The country has just passed the 20th anniversary of a key component of our constitution.

The New Zealand Bill of Rights Act came into effect in 1990. To understand its value, we need to understand what it does.

It affirms the existence of a number of fundamental rights, none of which are controversial.

You have a right to life and a right not to be subjected to degrading treatment.

These are rights enjoyed by all, including by the victims of crime.

There are various rights that are essential for a participatory democracy, from the right to vote to the right to freedom of association or freedom of expression which extends to the corporations that produce most of our media.

There are rights not to be discriminated against and rights to cultural identity.

These rights are clearly key components of what makes Aotearoa a place that ranks among the best countries to come to.

And there are minimum rights to ensure that criminal trials are fair. Even in this apparent age of popular punitiveness, all but a very few would accept that a criminal justice system doesn't count for much if it does not achieve justice.

These rights were developed over centuries as common standards appropriate for a civilised society.

They were the subject of lengthy discussion within the United Nations before being formulated in the International Covenant on Civil and Political Rights 1966, to which New Zealand is a party.

And so they are rights enjoyed by all residents of New Zealand in international law.

The first thing the NZ Bill of Rights Act does is to affirm that these rights exist in law and can be raised in the courts here.

The real genius of the act is how it incorporates those rights while preserving the central role of Parliament to pass laws.

It makes clear that a statute that is inconsistent with the rights set out continues to be valid - so we do not have a regime that allows the judges to strike down laws.

But this power in Parliament to breach fundamental rights, and so fail to abide by New Zealand's obligations under international human rights law, is a power that must be exercised on an eyes wide-open basis.

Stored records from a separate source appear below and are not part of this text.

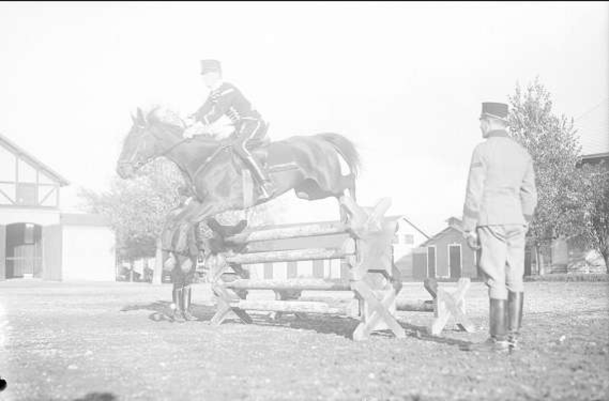 Träningshoppning på kaserngården söder skvadronsstallarna.
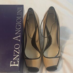 Step out in style with these elegant dark brown and tan women's heels. Ankle strap, small peep toe. Gorgeous! I hate to part with these, but I have a bad knee and they need to be seen!!!
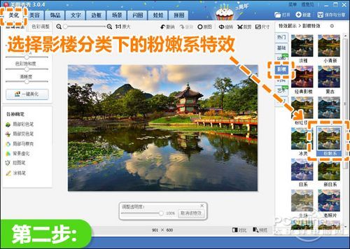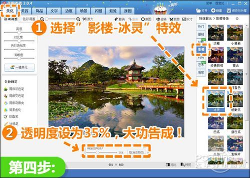 4.最后选择“影楼-冰灵”特效,透明度设为35%,整个风景照的美化就完成啦!
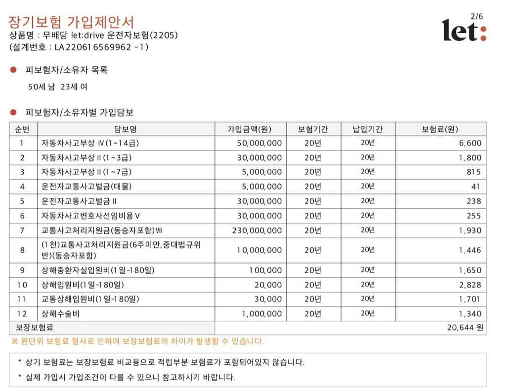롯데손보 상품은 최소보험료가 2만원으로 책정되어있는지 상해수술, 입원비 등을 끼워넣었네요,
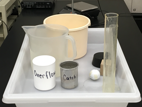 force sensor, a beaker, a graduated cylinder, electronic balance, string, masking tape, overflow can, catch can, different objects (wood cube, rubber stopper, golf ball), water, rods and base, GA software
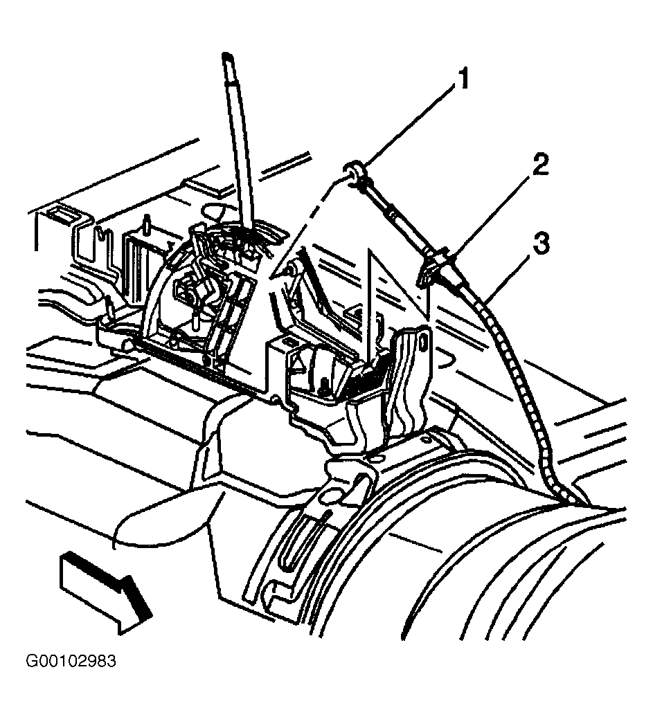 - Install the range selector cable (2) to the floor shift control. See Fig 1
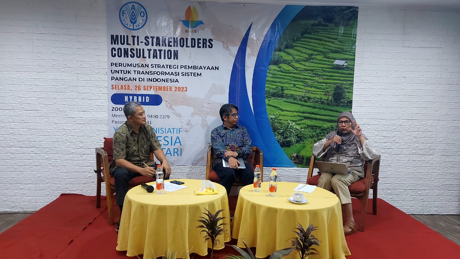 Kegiatan ini dilaksanakan pada tanggal 14 Juli 2023 di Hotel Ibis Tamarin, Jakarta dan dihadiri oleh perwakilan FAO, UNEP, World Bank Indonesia, Asian Development Bank (ADB), Kementerian PPN/ BAPPENAS, Kementerian Keuangan, Kementerian Pertanian, Kementerian Lingkungan Hidup dan Kehutanan, Badan Pangan Nasional, Bank Rakyat Indonesia (BRI), Danone Indonesia, Indonesia Business Council for Sustainable Development (IBCSD), Partnership for Indonesia’s Sustainable Agriculture (PISAgro), Yayasan KEHATI Indonesia, IPB University, Universitas Indonesia dan Yayasan Inisiatif Indonesia Biru Lestari (WAIBI).
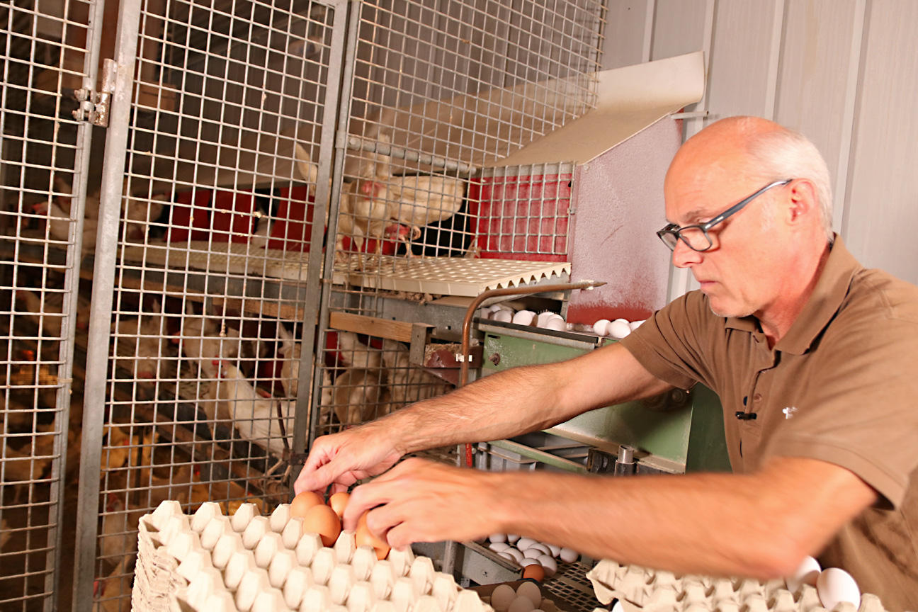 Die Eier werden täglich aus dem Stall gesammelt, kontrolliert und anschließend in die Packstelle gebracht. Dort werden sie erneut kontrolliert, sortiert und verpackt. Bei der Kontrolle der Eier ist die Durchleuchtung hilfreich, um Eier mit schwer erkennbaren Haarrissen in der Eischale oder inneren Einschlüssen auszusortieren.
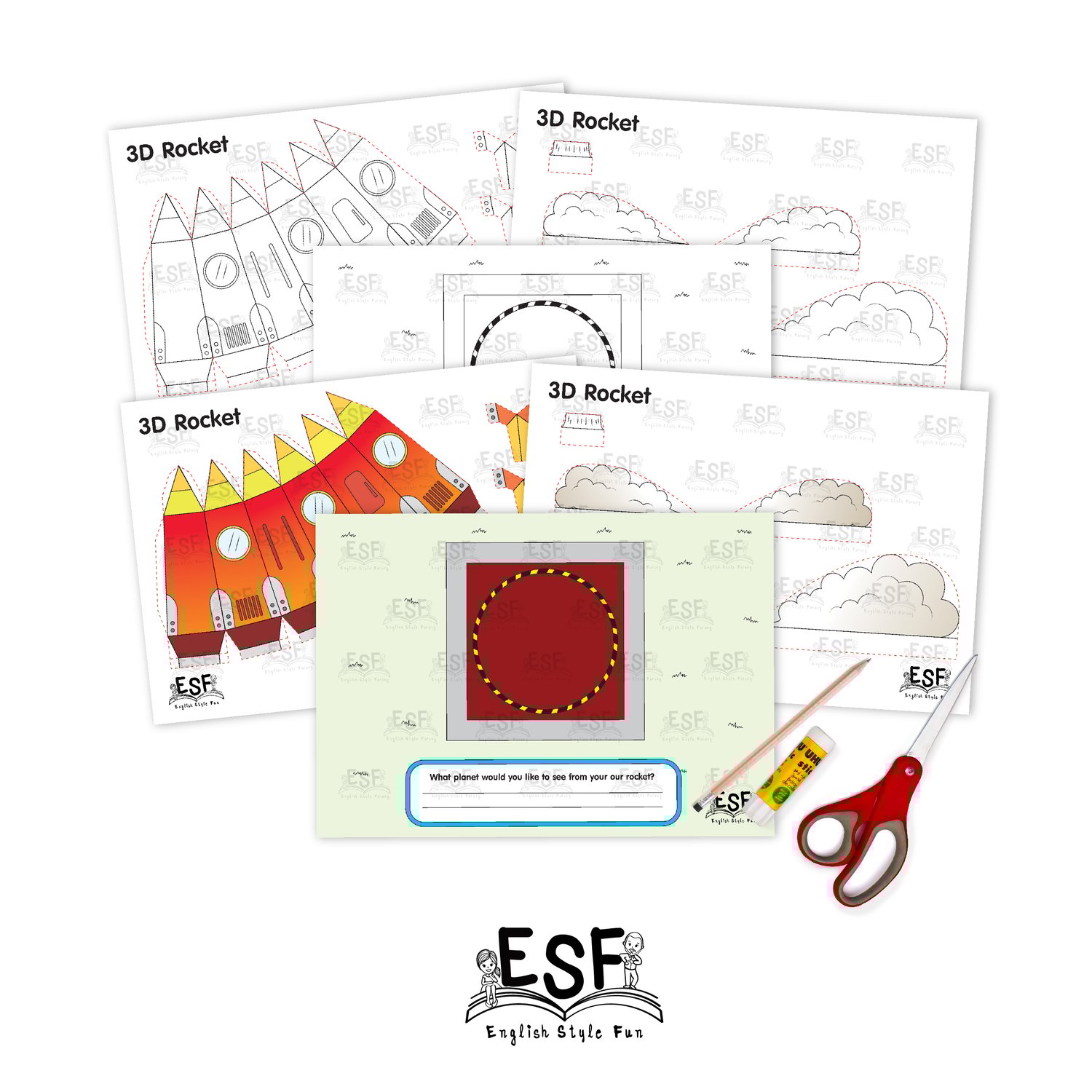 Here is another fun 3D activity! This hands-on easy activity is a cut and build 3D pop up scene and will provide kids with a visual aid of what a rocket launch pad looks like, and to help expand a child's imagination while constructing sentences independently.

The Attorney-General has to report on the risk that a particular bill before Parliament might be treading on hallowed turf, and the judges are given the obligation to do what they can when construing the language of a statute to adopt an interpretation that is consistent with those rights.

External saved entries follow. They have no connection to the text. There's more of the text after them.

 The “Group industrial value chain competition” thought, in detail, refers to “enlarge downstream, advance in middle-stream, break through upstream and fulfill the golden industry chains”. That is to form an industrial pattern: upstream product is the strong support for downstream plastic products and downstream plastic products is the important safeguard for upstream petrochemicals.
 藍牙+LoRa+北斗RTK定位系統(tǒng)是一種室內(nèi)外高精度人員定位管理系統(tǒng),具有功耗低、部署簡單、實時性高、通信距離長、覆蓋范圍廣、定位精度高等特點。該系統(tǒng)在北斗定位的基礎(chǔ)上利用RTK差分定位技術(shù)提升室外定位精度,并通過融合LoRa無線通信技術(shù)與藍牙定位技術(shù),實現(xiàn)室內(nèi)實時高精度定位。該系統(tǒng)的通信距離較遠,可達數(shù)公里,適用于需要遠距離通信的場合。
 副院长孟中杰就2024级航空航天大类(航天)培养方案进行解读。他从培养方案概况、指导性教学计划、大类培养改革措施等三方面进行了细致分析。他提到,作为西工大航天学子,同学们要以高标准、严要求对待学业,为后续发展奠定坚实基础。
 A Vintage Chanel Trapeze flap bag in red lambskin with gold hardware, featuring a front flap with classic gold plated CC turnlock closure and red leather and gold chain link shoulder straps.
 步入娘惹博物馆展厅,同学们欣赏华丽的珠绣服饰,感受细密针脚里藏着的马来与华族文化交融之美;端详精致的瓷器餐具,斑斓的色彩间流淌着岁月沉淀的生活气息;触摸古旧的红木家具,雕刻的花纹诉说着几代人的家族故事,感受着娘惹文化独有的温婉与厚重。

It is this last obligation that is the key tool under the NZ Bill of Rights Act.

It allows the judges, when ruling what a statutory phrase actually means, to do what they can to reach a solution that is consistent with human rights.

Given the fundamental importance of those rights, that seems obviously sensible.

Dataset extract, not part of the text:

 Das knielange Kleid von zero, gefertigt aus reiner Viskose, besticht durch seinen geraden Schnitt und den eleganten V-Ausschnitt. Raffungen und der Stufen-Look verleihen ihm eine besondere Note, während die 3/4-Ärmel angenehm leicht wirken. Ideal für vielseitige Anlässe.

But does it mean that a group of be-robed but unelected judges have taken over from the legislature?

Far from it. Parliament has conferred the eminently judicial role of protecting New Zealand from an inadvertent breach of human rights by providing that Parliament's words should be construed not to breach those fundamental rights unless there is no alternative but to reach that unhappy conclusion.

And the simple fact remains that Parliament can always overturn the effect of any judicial decision by passing further legislation using language that makes it abundantly clear that it wishes to breach fundamental rights.

That will ensure that Parliament confronts the fact that it is going against such important principles.

Given that the Human Rights Committee of the United Nations provides a forum for the actions of the New Zealand Government to be examined by a panel of lawyers for consistency with human rights standards, the real impact of the NZ Bill of Rights Act is that it allows that review be carried out by home-grown judges.

In a country that is proud of its exports, it is worth noting that the scheme has been adopted in several jurisdictions abroad.

The techniques invented by the drafters of the NZ Bill of Rights Act were copied by the Parliament of the United Kingdom as a central component of the major constitutional reforms of the late 1990s, which included the first modern-era enactment of a human rights framework in the form of the Human Rights Act 1998.

The central concern of the Westminster Parliament was that its legislation was reviewed for human rights compliance abroad - in the UK's case by the judges of the European Court of Human Rights - rather than by the domestic courts.

And so it adopted the New Zealand model as a method of bringing rights home to the domestic context.

The Irish Oireachtas followed the New Zealand model in 2003: its European Convention on Human Rights Act works in the same way, and was chosen in preference to an amendment to the Irish Constitution.

There has even been movement that allows one to mention "protection of human rights" and "Australia" in the same sentence, with statutes in the Australian Capital Territory and Victoria that take the model from this side of the Tasman.

Why this imitation? It could just be that the NZ Bill of Rights Act meets the test credited to Albert Einstein that "Everything should be made as simple as possible, but not simpler".

In other words, the act is a legislative pearl that other jurisdictions have concluded is an obviously good idea and should be copied.

So the 20th anniversary of the act coming into effect is something of which we can rightly be proud.

Kris Gledhill is a senior lecturer in law at the University of Auckland.